トーチを胸の前で持ち、鼻で大きく息を吸い込み口内のアルコールを一気に飛ばす。魔獣目掛け直線に飛んだアルコール飛沫にトーチの火が次々に引火する。そうして出来上がった炎の息に巻き込まれ、魔獣は悲鳴染みた叫びを上げて地面に落ちていった。威力はさほど強くないので倒せはしない。しかし怯ませるには十分だし、なにより薄い作りの翼を燃やすくらいの効果は期待出来るのだ。
アマネが作った隙を逃さず、チアキが落ちた魔獣に剣を突き立てる。そうして後に残るのは事切れた魔獣、そして炎の残滓のみとなった。
魔獣を倒してすぐ、町の若者達が応援に駆けつけてくれた。ライトに照らされた場所には二羽の魔獣が赤黒い血を流して倒れており、後始末をするには少し骨が折れそうだったので助かった。
同じタイミングでやってきた力也にひめのは無事に助けられた旨を伝えると、彼はすぐさま彼女を抱き上げる。
「ひめの! お前ぇ、心配かけさせやがって……! 俺がどれだけ心配したか!」
「ご、ごめんなさい……パパ……」
「もう良い。無事で良かった!」
潰しそうな勢いで娘を抱きしめる力也に緩く笑いながら、チアキの腕に巻いていた布を容赦なく締め上げる。当たり前だが、突然の締め上げに彼は顔を歪めて呻いた。

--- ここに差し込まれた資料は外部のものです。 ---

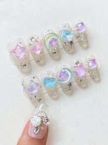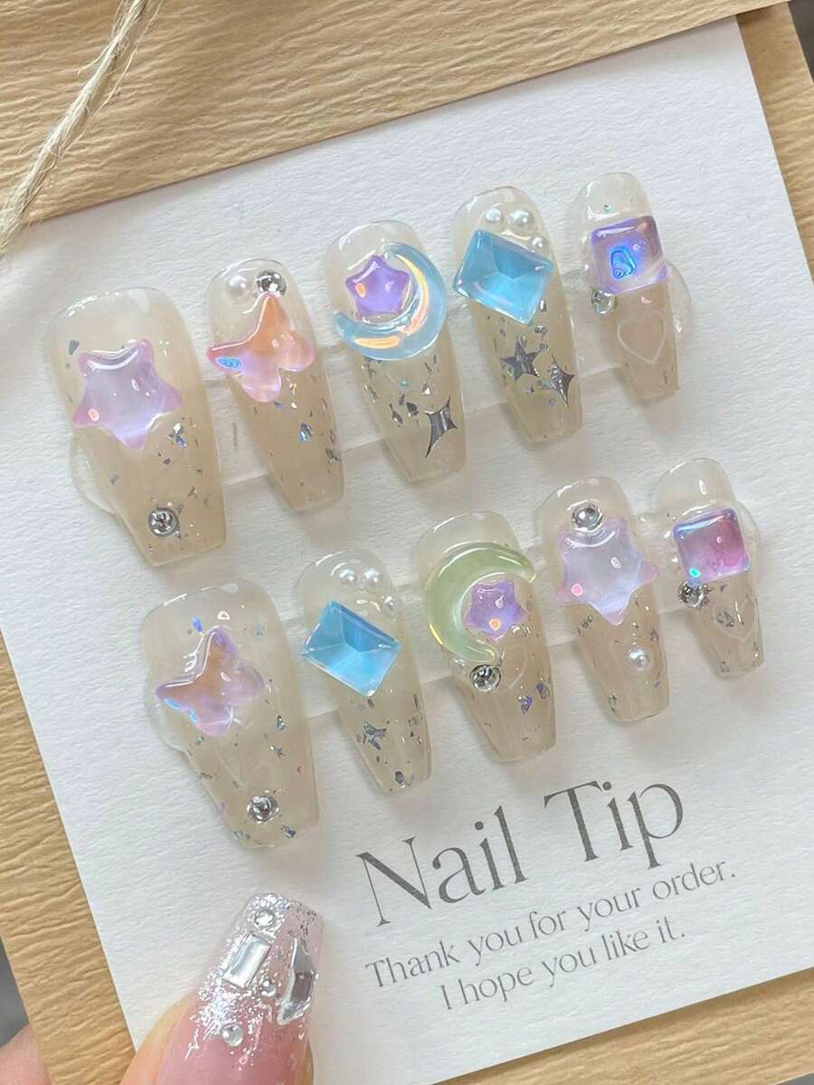 Kawaii 10 Piezas De Uñas Postizas Impresas Con Luna Y Estrella Y 1 Rollo De Cinta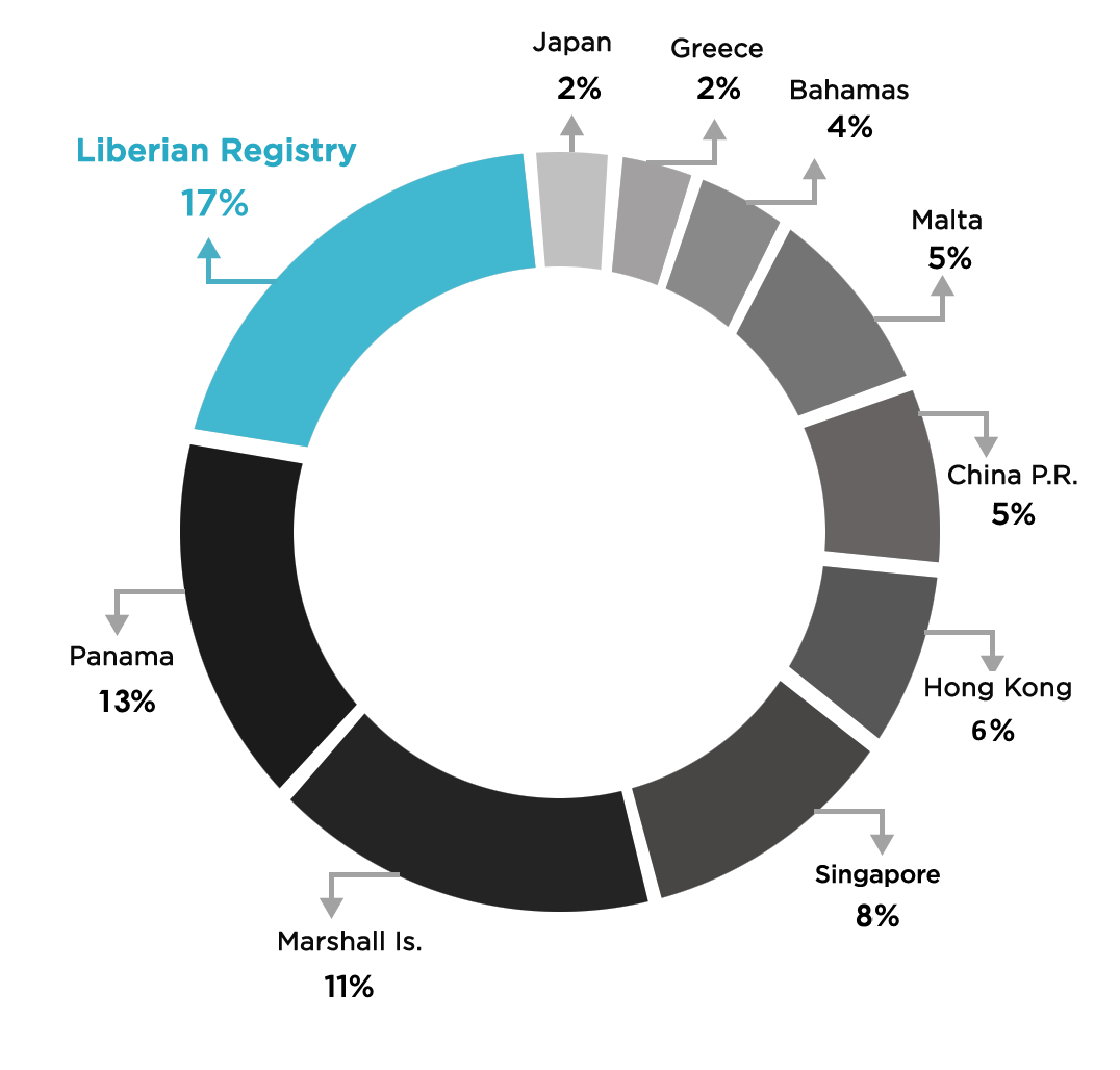 As the largest ship registry in the world, the Liberian Registry has a long-established track record of combining the highest standards of safety for vessels and crews with the highest levels of responsive and innovative service to owners. These combined efforts have made The Liberian Registry the fastest-growing Flag State in the world with over 286 million Gross Tons, giving Liberia 17% of the world’s market share.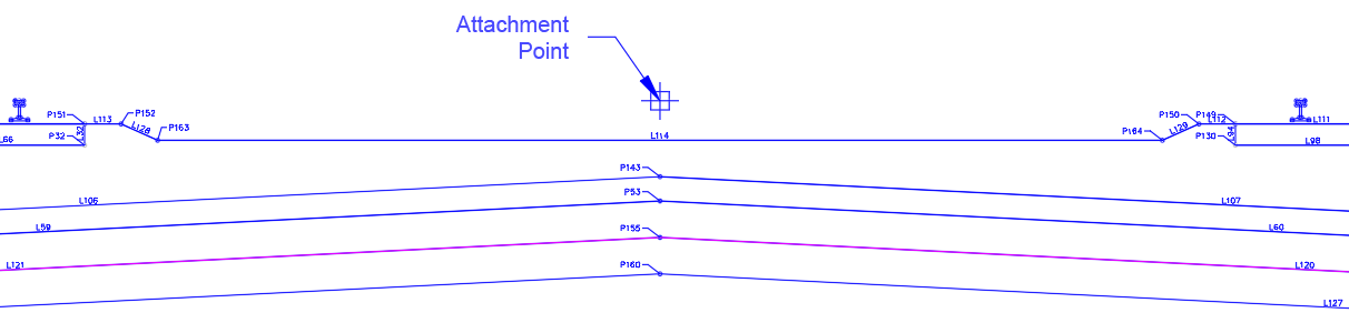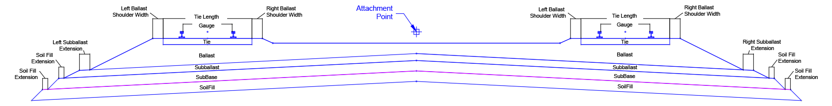 In layout mode the subassembly displays the links comprising the rails, tie, ballast, subballast and side slopes.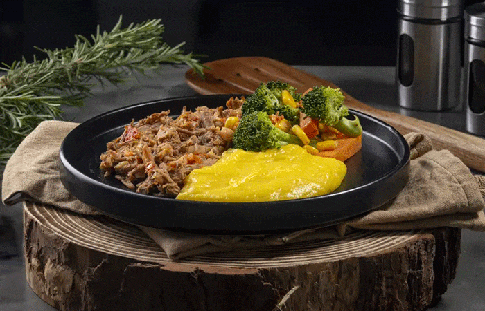 Carne Desfiada, Purê de Mandioquinha, Milho, Cenoura e Brócolis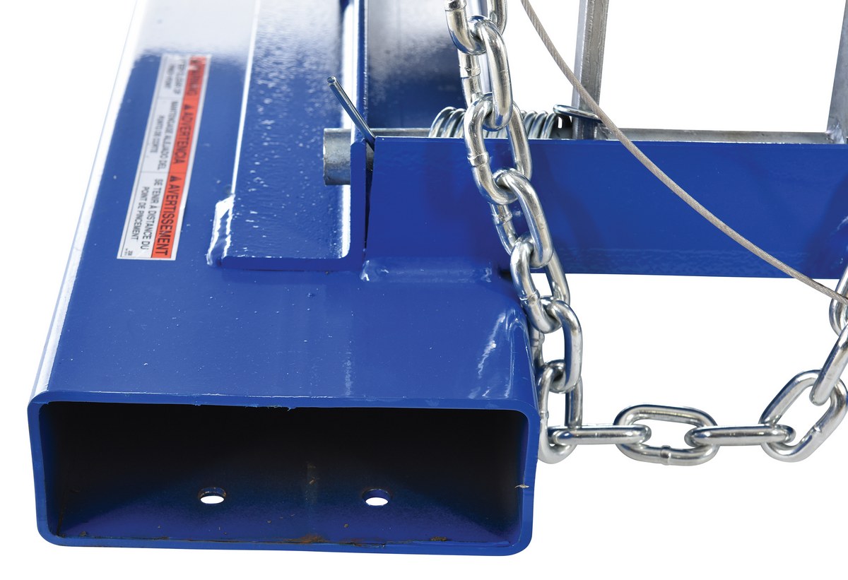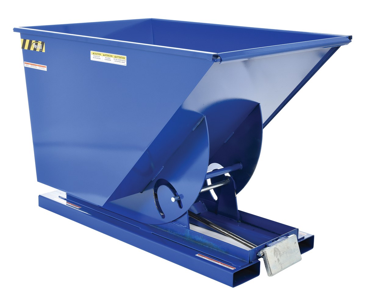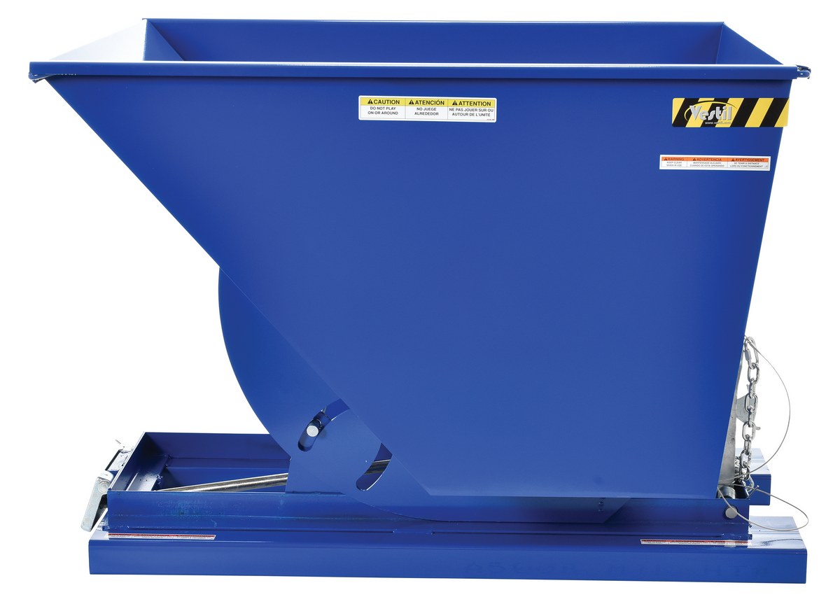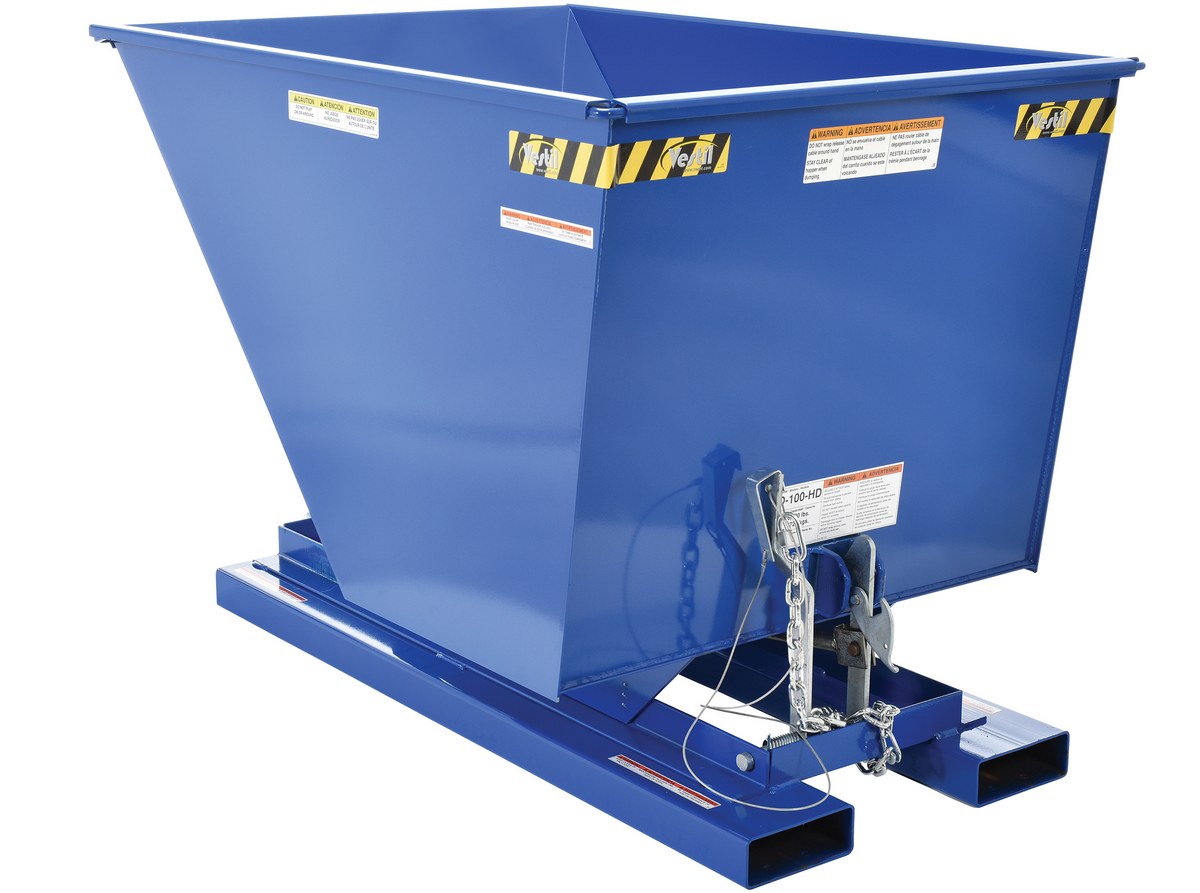 Steel Heavy Duty Self Dumping Hopper 1 Cubic Yard 6000 Lb. Capacity BlueThis Heavy Duty self-dumping steel Hopper with bumper release automatically dumps when bumper release contacts the front of the dumpster. Hopper returns to an upright and locked position automatically after it dumps. Also includes a cable that may be operated from the seat of the fork truck to manually dump the hopper. The included safety restraint should be properly secured to a fork truck before dumping. (Length dimension is measured at top of chute.) Hopper is stackable if you stack the top hopper turned ninety (90) degrees from the bottom. Self-dumping hoppers facilitate compliance with OSHA general industry rule 29 CFR 1910.178(m)(5)(iii) by allowing lift truck operators to remain at the controls of their truck throughout the dumping process.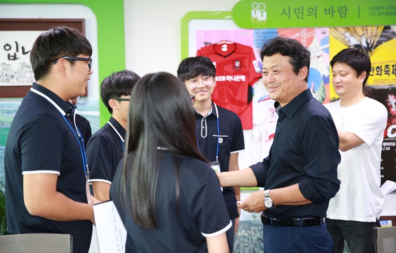 7ÀÏ ºÎõ½Ã¸³ ¿ø¹Ìµµ¼­°ü ºÎõ¾¾¾Ñ±æ¼¾ÅÍ¿¡ µû¸£¸é À̳¯ ±è¸¸¼ö ½ÃÀåÀ» ¸¸³­ û¼Ò³âµéÀº CEO, °ÇÃà»ç, ¾à»ç, ¹°¸®Ä¡·á»ç µîÀ» Àå·¡ Á÷¾÷À¸·Î Èñ¸ÁÇß°í, ±è ½ÃÀå¿¡°Ô û¼Ò³â±âºÎÅÍ È®½ÇÇÑ ¹Ì·¡ ¸ñÇ¥°¡ ÀÖ¾ú´ÂÁö, ºÎõ½ÃÀåÀÌ µÈ °è±â, ½ÃÀåÀÌ µÈ ÈÄ ¸¶À½ÀÇ º¯È­, ²ÞÀ» ÀÌ·ç±â±îÁöÀÇ °í¹Î°ú µÎ·Á¿ò ±Øº¹ ¹æ¹ý, ½ÃÀåÀÇ ¸®´õ½Ê, Ãë¹Ì µî ´Ù¾çÇÑ Áú¹®À» Çß´Ù.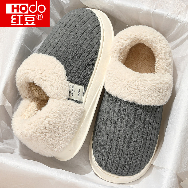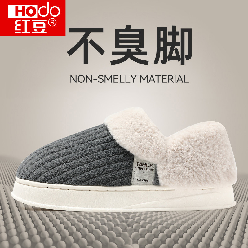 红豆踩屎感棉拖鞋女士秋冬季室内家居2025新款毛绒保暖情侣棉拖男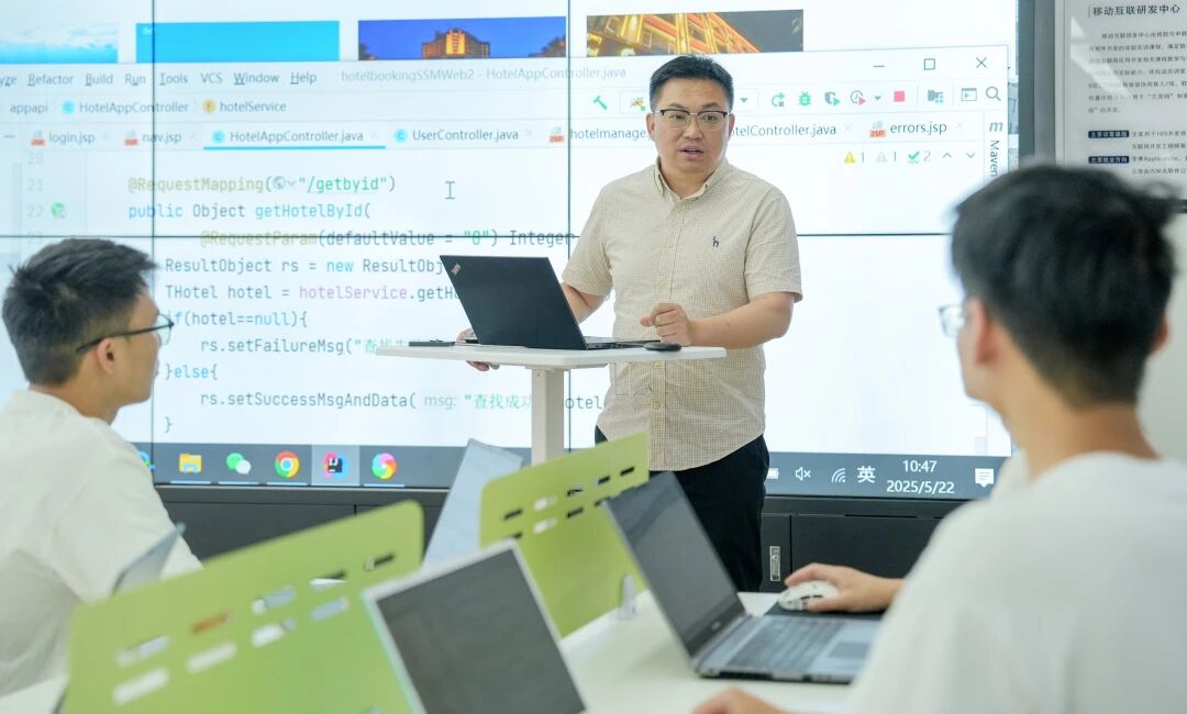 这一套人生哲学,被张锦盛老师深刻地融入严谨的代码教学之中。在他的网页开发实训课上,每一次现场演示和代码调试,都不只是技术传递,更是思维与心性的锤炼。当学生面对报错陷入困顿时,他会引用“超越自己”的智慧,引导学生将“BUG”视为重组逻辑路径、突破思维惯性的契机;当学生完成一个项目时,他会启发他们思考如何“创造自己”的价值......他始终围绕“解决问题、创造价值”这一核心开展教学,致力于帮助学生成长为不仅技术娴熟,更具备内在驱动、人文视野与社会责任感的技术创造者。

「いった! 痛いアマネさん、止血するならもっと優しくやって!」
「優しい止血方法なんてありません。それとも出血多量で死にたいの?」
にべもなく言い放つと、チアキは情けない声を上げて項垂れる。そのまま処置を進めていると、ひめのを抱き上げたまま力也がこちらに寄ってくる。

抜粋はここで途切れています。